问题
I have a data frame with 5 variables: Lot / Wafer / Serial Number / Voltage / Amplification. In this data frame there are 1020 subsets grouped by Serial_number. Each subset has a certain number of measurement data points (Amplification against voltage).
I fit the data with
summary(fit2.lme <- lmer(log(log(Amplification)) ~ poly(Voltage, 3) + (poly(Voltage, 1) | Serial_number),
+ data = APD))
which yields:
Linear mixed model fit by REML ['lmerMod']

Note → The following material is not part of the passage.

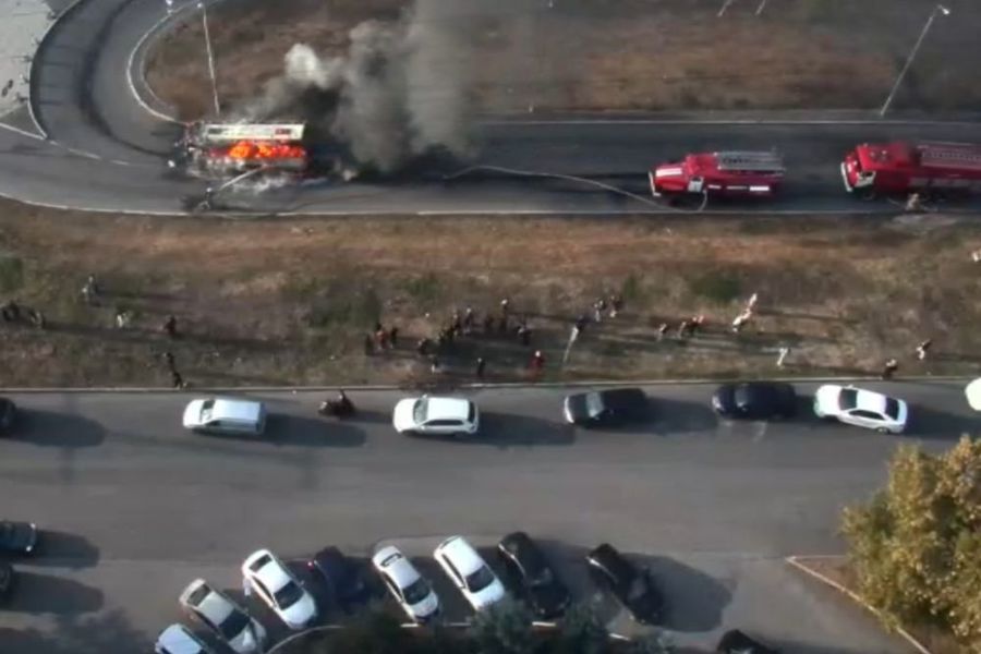 В публикации утверждается, что на момент возгорания в салоне находились 30 пассажиров. Среди них нет погибших или травмированных.

Formula: log(log(Amplification)) ~ poly(Voltage, 3) + (poly(Voltage, 1) | Serial_number)
Data: APD
REML criterion at convergence: 35286.1
Scaled residuals:
Min 1Q Median 3Q Max
-20.7724 -0.2438 -0.1297 0.2434 13.2663
Random effects:
Groups Name Variance Std.Dev. Corr
Serial_number (Intercept) 1.439e-02 0.1199
poly(Voltage, 1) 2.042e+03 45.1908 -0.76
Residual 8.701e-02 0.2950
Number of obs: 76219, groups: Serial_number, 1020
Fixed effects:
Estimate Std. Error t value
(Intercept) 5.944e-02 3.914e-03 15.2
poly(Voltage, 3)1 5.862e+02 1.449e+00 404.5
poly(Voltage, 3)2 -1.714e+02 3.086e-01 -555.4
poly(Voltage, 3)3 4.627e+01 3.067e-01 150.8
Correlation of Fixed Effects:
(Intr) p(V,3)1 p(V,3)2
ply(Vlt,3)1 -0.713
ply(Vlt,3)2 0.015 -0.004
ply(Vlt,3)3 0.004 0.012 0.018
and when I add a higher polynomial in the random effects I get a warning:
> summary(fit3.lme <- lmer(log(log(Amplification)) ~ poly(Voltage, 3) + (poly(Voltage, 2) | Serial_number),
+ data = APD))
Linear mixed model fit by REML ['lmerMod']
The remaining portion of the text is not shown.